Directions: Output the line containing "Curate the stack" and each line after it through the end of the data, exactly as written, with pictures left out.

+ + + +

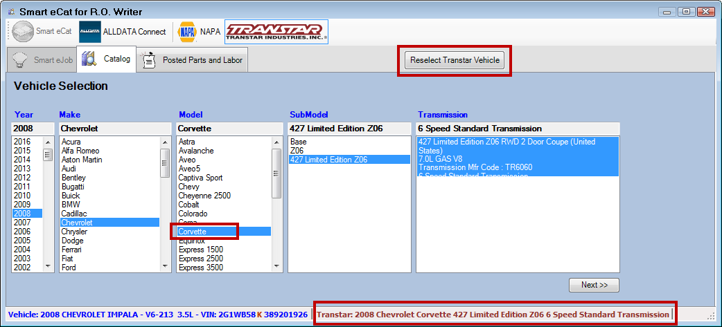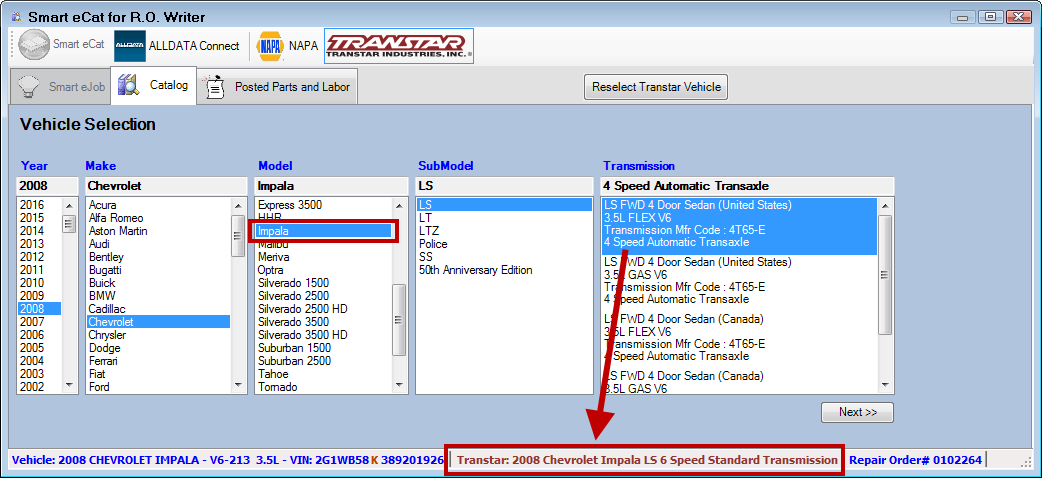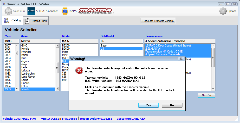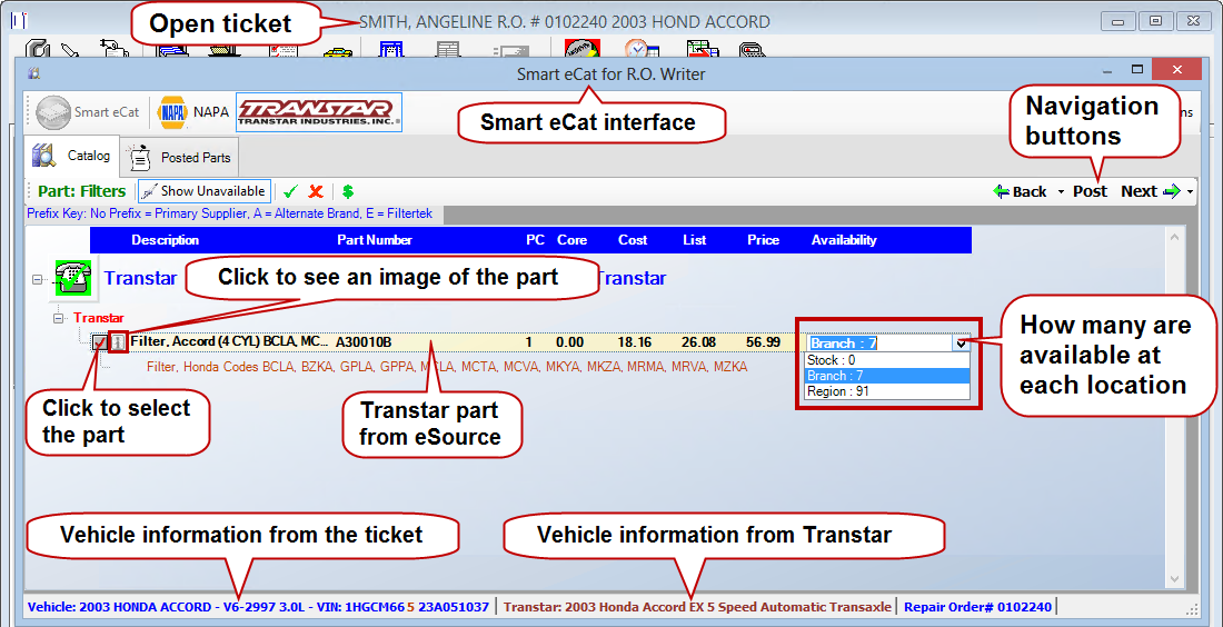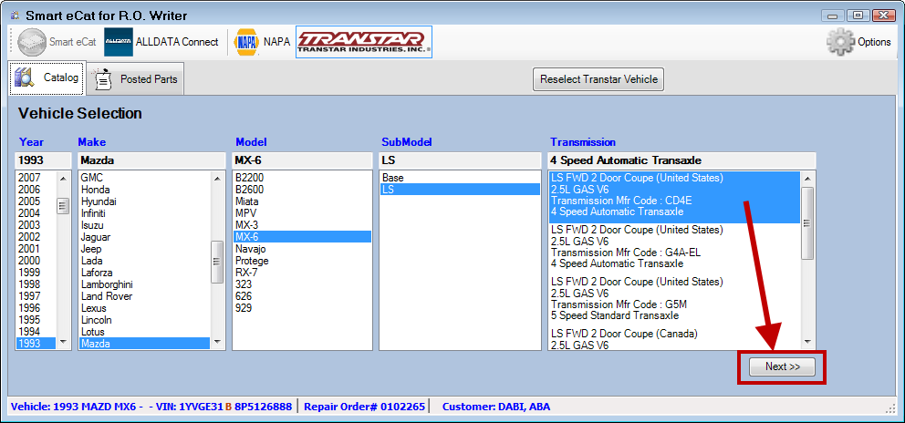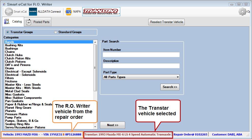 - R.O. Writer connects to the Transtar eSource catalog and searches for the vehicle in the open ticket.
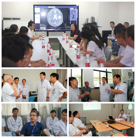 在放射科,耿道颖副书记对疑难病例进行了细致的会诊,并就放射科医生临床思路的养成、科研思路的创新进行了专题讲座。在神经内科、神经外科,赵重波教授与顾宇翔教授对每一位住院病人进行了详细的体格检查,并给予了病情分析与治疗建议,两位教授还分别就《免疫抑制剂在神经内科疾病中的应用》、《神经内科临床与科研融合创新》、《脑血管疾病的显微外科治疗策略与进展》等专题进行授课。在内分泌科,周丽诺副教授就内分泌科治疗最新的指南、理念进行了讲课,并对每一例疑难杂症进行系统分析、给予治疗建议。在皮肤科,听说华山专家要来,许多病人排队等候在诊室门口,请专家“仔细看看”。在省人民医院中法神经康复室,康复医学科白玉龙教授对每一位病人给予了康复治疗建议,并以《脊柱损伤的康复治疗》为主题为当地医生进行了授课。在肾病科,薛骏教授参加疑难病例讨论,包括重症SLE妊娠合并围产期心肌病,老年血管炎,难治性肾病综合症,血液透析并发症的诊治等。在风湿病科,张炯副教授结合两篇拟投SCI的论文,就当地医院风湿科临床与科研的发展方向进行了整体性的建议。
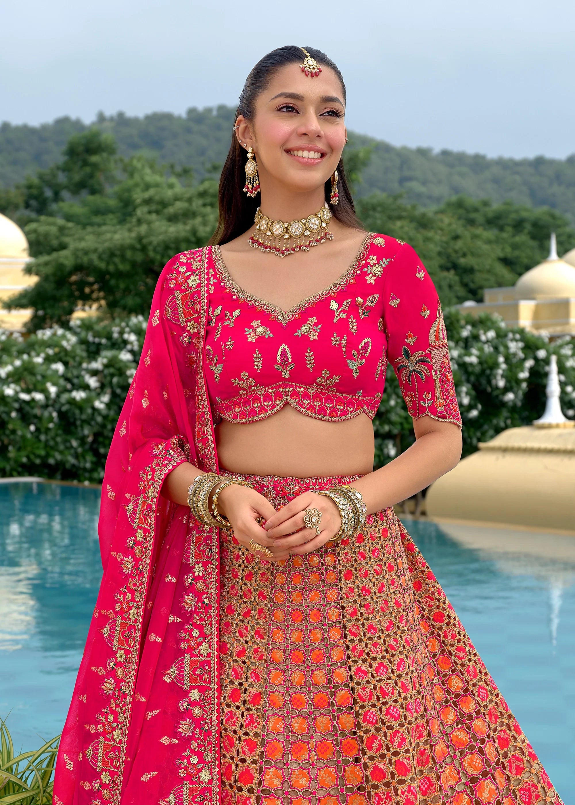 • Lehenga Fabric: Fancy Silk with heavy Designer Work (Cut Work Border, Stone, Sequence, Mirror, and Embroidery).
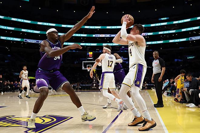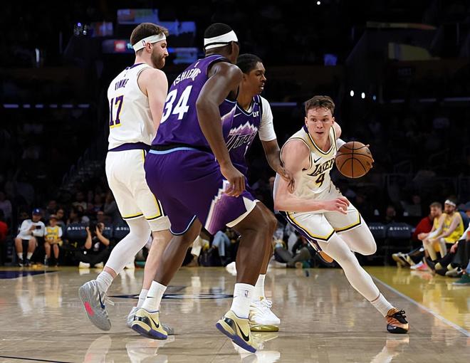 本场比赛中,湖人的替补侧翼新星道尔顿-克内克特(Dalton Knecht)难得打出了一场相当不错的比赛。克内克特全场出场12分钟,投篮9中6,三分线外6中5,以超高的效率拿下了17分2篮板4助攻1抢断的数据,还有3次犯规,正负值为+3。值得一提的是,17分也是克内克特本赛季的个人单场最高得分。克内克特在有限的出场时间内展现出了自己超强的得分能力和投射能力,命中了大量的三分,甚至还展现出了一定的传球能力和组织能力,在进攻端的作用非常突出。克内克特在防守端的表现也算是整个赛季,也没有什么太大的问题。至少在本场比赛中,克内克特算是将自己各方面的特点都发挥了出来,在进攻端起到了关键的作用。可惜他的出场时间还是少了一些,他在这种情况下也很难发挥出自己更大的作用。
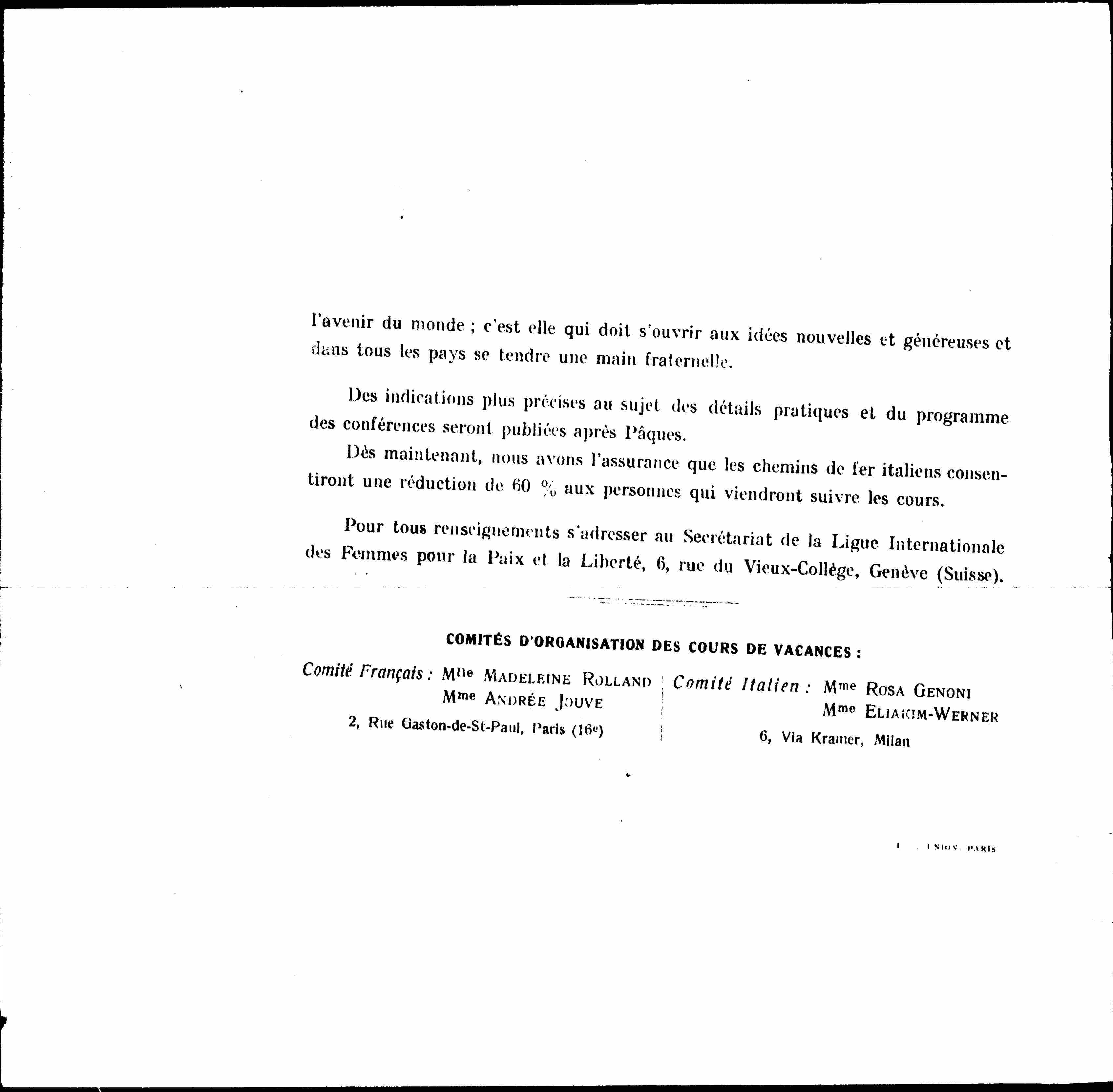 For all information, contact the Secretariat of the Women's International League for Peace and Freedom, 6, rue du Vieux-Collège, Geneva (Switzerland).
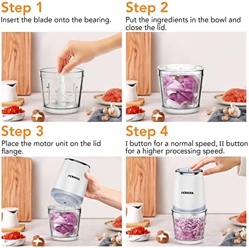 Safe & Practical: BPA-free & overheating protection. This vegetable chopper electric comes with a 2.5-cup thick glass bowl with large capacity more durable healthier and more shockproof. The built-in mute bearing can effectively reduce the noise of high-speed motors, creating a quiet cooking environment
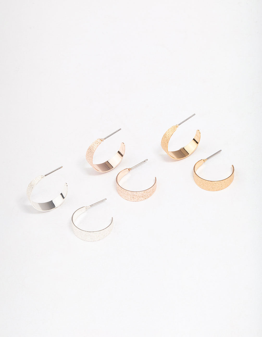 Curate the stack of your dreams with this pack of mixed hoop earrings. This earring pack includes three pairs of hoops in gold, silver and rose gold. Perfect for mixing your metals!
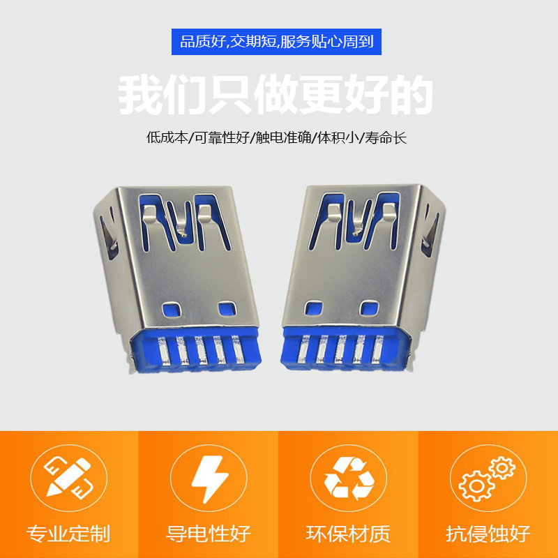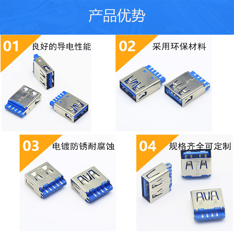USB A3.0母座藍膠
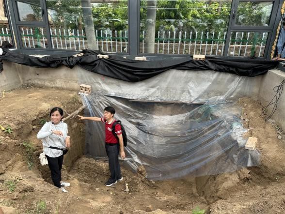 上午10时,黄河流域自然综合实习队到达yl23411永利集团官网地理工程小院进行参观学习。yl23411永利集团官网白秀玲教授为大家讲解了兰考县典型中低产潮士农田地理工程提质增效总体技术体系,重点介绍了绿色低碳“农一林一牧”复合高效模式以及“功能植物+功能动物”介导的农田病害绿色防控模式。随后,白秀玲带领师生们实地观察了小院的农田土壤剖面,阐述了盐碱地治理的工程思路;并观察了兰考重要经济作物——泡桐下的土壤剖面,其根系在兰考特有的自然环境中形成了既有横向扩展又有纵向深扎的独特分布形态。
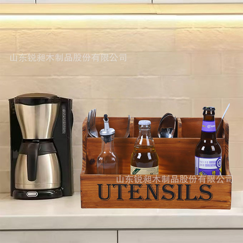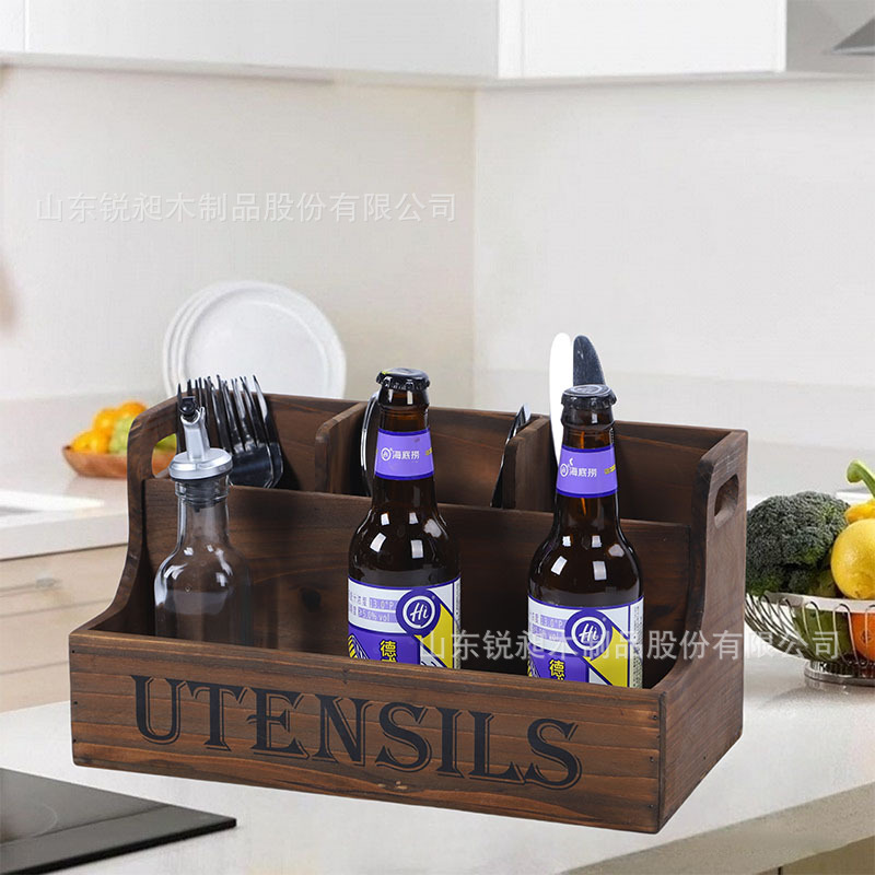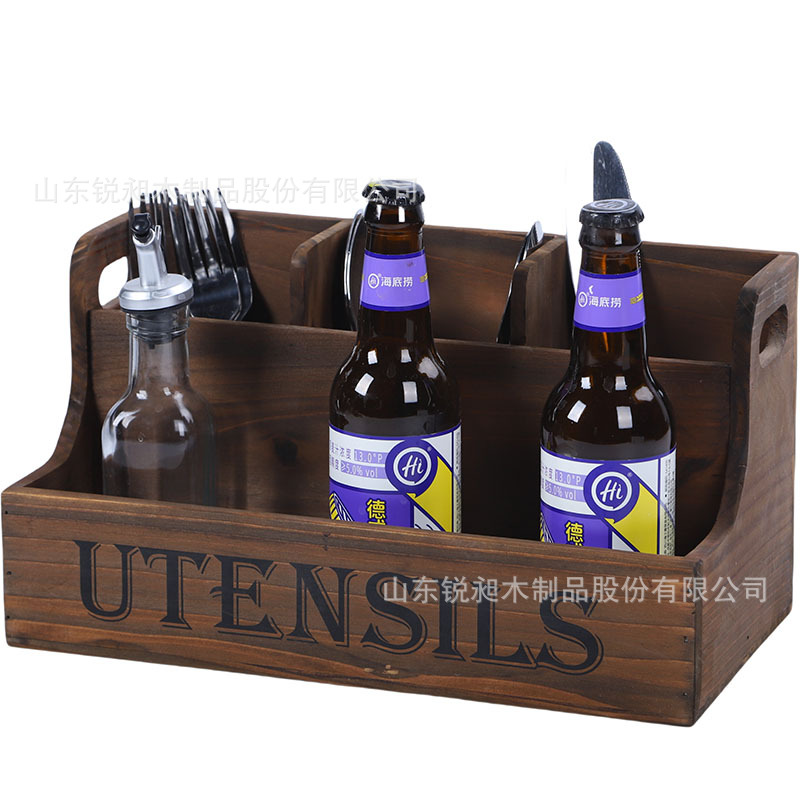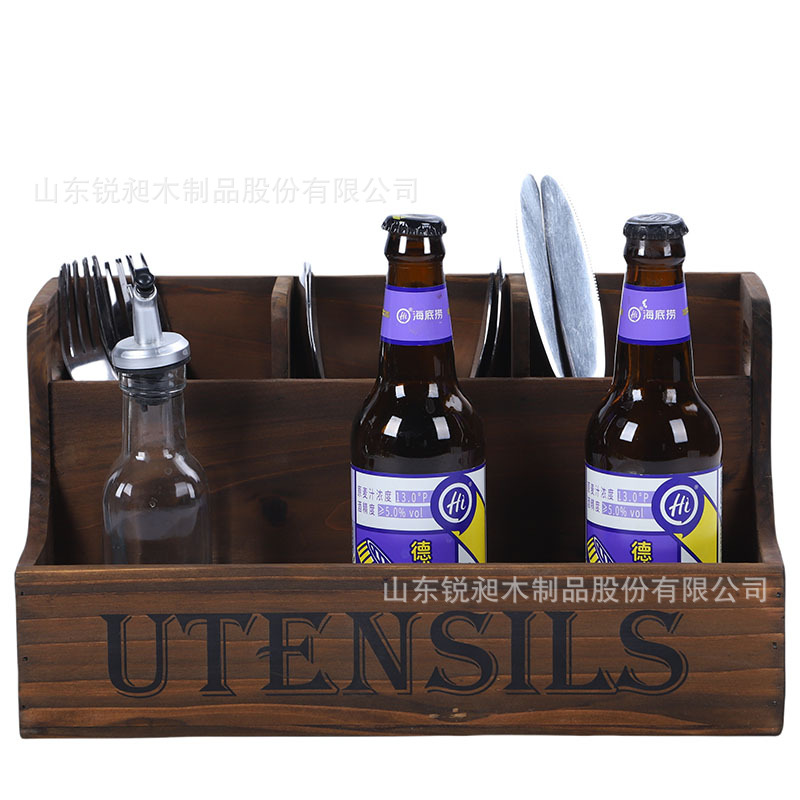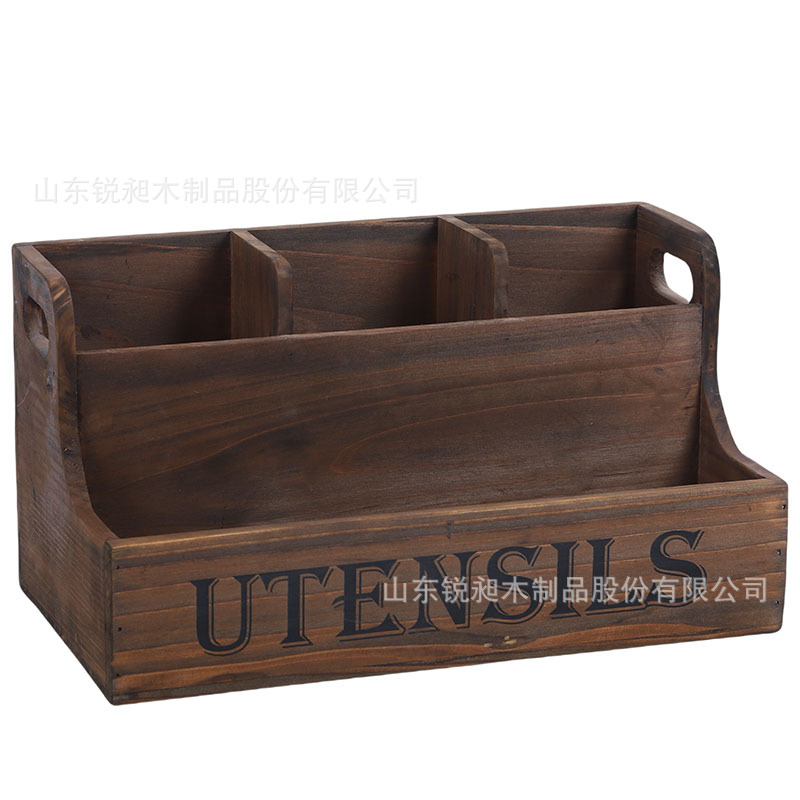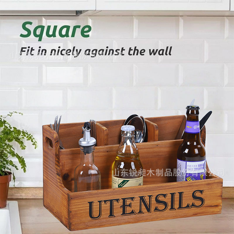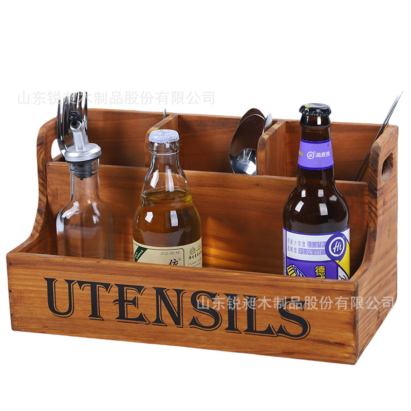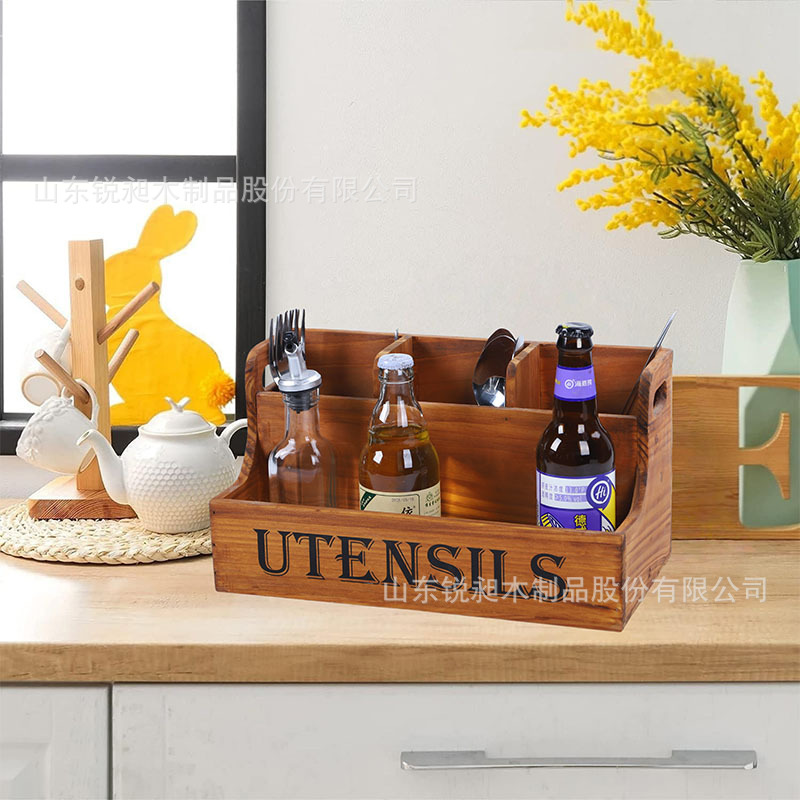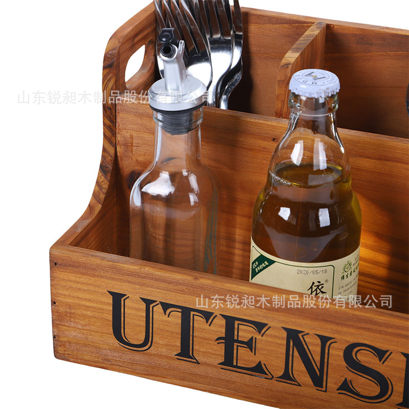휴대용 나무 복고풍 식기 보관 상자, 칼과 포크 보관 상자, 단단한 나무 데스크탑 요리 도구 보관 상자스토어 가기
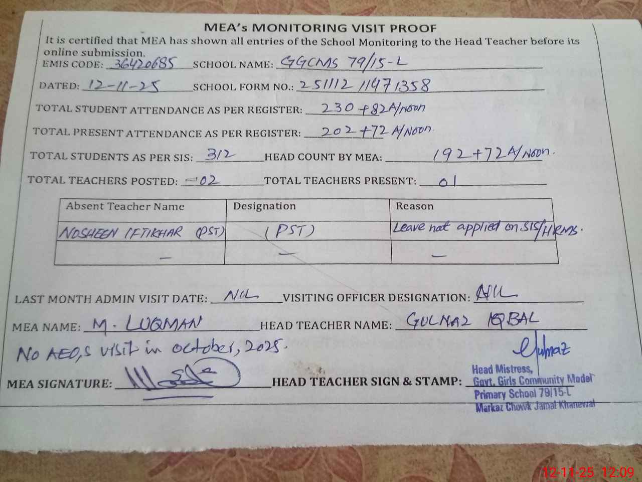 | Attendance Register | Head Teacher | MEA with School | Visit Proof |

+ + + +

Final answer:
 Curate the stack of your dreams with this pack of mixed hoop earrings. This earring pack includes three pairs of hoops in gold, silver and rose gold. Perfect for mixing your metals!
USB A3.0母座藍膠
 上午10时,黄河流域自然综合实习队到达yl23411永利集团官网地理工程小院进行参观学习。yl23411永利集团官网白秀玲教授为大家讲解了兰考县典型中低产潮士农田地理工程提质增效总体技术体系,重点介绍了绿色低碳“农一林一牧”复合高效模式以及“功能植物+功能动物”介导的农田病害绿色防控模式。随后,白秀玲带领师生们实地观察了小院的农田土壤剖面,阐述了盐碱地治理的工程思路;并观察了兰考重要经济作物——泡桐下的土壤剖面,其根系在兰考特有的自然环境中形成了既有横向扩展又有纵向深扎的独特分布形态。
휴대용 나무 복고풍 식기 보관 상자, 칼과 포크 보관 상자, 단단한 나무 데스크탑 요리 도구 보관 상자스토어 가기
 | Attendance Register | Head Teacher | MEA with School | Visit Proof |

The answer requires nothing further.